#### Information shown:
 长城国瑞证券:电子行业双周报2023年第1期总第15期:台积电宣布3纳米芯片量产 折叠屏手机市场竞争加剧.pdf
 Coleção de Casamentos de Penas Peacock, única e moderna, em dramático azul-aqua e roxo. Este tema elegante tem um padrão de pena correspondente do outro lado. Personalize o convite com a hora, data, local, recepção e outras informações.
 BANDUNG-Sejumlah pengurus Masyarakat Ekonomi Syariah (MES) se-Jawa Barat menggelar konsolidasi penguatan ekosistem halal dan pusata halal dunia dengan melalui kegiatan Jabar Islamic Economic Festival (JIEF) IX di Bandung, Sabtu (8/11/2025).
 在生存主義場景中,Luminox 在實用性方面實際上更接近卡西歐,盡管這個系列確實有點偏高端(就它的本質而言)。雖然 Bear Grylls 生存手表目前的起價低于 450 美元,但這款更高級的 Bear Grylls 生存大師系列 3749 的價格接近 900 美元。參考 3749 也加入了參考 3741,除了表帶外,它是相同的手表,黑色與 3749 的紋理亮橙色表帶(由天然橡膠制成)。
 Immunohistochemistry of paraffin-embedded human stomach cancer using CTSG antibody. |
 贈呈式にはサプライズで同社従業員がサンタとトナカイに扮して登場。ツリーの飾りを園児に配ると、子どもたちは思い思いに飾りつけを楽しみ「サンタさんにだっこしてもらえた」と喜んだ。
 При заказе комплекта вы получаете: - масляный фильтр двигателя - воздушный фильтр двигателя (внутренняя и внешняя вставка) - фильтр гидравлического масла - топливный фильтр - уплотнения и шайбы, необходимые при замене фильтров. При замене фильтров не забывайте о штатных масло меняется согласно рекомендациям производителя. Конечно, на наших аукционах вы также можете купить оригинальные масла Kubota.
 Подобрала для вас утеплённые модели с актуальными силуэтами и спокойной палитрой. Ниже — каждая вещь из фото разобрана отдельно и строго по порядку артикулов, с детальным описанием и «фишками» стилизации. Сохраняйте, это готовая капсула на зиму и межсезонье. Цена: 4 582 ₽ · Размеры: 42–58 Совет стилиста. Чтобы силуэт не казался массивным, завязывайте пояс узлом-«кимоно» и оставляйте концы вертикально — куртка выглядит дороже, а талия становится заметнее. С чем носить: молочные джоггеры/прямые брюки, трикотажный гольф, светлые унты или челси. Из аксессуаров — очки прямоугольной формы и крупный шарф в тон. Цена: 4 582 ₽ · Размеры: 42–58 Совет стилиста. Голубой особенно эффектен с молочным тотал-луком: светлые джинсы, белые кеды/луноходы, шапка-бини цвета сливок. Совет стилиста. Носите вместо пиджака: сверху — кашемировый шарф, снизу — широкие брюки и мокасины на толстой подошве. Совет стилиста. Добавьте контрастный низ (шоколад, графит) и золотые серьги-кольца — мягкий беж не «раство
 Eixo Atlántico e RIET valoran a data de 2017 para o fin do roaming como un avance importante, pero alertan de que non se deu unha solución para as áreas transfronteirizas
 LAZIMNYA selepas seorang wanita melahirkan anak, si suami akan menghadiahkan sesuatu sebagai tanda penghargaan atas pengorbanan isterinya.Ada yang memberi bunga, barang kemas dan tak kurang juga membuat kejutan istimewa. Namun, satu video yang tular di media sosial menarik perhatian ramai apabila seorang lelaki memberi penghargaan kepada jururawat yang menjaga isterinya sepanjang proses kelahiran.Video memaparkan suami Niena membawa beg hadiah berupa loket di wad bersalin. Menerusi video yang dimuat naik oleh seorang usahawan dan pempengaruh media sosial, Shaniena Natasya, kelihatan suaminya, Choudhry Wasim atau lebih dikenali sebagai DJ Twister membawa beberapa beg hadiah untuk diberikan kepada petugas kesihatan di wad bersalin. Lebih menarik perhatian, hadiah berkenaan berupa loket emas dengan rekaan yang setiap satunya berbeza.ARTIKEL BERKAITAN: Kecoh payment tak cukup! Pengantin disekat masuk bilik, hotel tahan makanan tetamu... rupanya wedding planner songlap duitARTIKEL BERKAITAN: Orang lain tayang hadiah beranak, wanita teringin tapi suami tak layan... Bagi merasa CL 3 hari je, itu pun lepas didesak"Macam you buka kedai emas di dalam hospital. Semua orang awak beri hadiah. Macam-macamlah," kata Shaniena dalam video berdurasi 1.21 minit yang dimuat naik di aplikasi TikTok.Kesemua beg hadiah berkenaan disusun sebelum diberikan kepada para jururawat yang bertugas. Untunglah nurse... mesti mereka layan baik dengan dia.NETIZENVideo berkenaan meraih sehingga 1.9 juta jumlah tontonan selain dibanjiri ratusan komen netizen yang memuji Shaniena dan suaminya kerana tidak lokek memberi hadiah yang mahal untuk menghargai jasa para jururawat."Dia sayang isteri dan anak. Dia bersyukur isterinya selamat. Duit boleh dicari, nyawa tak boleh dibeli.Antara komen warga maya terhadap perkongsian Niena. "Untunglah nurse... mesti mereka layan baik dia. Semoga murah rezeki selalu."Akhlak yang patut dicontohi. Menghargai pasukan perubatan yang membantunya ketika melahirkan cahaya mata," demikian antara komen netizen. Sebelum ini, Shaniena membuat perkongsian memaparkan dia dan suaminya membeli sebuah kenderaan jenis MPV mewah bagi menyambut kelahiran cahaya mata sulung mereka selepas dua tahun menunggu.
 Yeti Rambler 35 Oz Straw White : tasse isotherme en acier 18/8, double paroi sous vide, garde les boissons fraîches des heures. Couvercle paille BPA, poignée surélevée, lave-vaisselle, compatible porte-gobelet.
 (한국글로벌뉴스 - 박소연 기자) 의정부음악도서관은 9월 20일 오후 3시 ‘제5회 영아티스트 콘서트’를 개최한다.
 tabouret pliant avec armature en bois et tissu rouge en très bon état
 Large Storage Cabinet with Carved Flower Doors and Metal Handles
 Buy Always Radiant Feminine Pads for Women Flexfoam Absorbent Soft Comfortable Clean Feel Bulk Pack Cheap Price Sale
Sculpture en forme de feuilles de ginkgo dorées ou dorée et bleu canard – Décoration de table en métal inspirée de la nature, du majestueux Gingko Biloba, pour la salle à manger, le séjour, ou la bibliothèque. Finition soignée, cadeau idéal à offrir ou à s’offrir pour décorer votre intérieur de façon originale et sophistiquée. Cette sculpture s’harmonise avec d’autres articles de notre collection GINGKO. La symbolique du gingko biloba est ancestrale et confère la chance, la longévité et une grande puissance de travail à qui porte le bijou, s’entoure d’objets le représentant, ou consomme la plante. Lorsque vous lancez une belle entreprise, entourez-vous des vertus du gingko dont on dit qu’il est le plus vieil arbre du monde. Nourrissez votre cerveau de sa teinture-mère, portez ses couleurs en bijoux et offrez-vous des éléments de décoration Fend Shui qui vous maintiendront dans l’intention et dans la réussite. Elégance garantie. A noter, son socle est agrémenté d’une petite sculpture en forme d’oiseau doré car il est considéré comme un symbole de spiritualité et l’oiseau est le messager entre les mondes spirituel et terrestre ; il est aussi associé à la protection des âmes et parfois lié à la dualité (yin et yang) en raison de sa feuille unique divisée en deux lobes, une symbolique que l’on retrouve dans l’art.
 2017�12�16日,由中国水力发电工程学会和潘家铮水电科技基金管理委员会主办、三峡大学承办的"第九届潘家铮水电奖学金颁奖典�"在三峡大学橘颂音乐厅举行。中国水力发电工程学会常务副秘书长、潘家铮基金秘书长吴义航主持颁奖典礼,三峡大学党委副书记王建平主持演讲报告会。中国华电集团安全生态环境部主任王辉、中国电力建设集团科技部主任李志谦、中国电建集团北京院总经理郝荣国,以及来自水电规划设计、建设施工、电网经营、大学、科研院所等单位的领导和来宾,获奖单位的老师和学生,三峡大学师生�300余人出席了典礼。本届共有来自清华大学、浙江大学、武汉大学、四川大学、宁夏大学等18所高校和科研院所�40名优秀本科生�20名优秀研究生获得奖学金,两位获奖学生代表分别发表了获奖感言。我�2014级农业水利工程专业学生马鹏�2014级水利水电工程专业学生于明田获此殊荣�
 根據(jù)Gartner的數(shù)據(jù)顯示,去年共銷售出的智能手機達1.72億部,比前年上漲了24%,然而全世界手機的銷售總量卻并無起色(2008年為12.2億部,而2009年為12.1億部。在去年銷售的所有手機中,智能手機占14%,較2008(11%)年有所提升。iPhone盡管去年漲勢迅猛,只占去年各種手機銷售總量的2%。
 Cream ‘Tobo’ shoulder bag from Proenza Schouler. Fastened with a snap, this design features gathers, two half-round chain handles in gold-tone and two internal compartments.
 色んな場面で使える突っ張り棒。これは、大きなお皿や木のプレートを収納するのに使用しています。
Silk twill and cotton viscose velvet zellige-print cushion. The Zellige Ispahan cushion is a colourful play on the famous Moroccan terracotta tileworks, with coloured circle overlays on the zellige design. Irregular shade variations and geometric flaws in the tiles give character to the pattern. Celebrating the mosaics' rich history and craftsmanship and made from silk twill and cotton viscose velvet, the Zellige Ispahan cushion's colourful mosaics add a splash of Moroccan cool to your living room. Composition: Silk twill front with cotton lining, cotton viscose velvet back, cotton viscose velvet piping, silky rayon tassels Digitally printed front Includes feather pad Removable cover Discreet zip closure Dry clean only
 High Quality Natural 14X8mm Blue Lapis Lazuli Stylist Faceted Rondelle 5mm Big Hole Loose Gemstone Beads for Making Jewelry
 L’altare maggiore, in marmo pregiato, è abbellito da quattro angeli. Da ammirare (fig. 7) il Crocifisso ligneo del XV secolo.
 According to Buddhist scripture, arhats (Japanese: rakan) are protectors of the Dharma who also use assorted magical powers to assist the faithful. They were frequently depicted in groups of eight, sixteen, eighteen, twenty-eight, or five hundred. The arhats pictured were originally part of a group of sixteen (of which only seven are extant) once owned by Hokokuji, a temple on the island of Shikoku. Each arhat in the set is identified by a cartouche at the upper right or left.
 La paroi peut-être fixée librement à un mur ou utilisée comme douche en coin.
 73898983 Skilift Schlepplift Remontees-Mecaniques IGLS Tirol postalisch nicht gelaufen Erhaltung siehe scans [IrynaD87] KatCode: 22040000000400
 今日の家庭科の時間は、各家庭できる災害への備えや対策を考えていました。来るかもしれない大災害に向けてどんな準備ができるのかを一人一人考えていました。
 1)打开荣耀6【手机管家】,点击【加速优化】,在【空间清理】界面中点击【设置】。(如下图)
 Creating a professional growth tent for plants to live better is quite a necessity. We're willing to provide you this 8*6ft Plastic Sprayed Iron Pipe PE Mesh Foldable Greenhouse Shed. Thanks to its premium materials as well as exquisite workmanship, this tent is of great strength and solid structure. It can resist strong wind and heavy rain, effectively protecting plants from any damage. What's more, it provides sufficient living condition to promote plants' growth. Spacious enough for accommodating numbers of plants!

#### Activity:
If a line in the material above contains the word "paroi", copy it.

#### Response:
 Yeti Rambler 35 Oz Straw White : tasse isotherme en acier 18/8, double paroi sous vide, garde les boissons fraîches des heures. Couvercle paille BPA, poignée surélevée, lave-vaisselle, compatible porte-gobelet.
 La paroi peut-être fixée librement à un mur ou utilisée comme douche en coin.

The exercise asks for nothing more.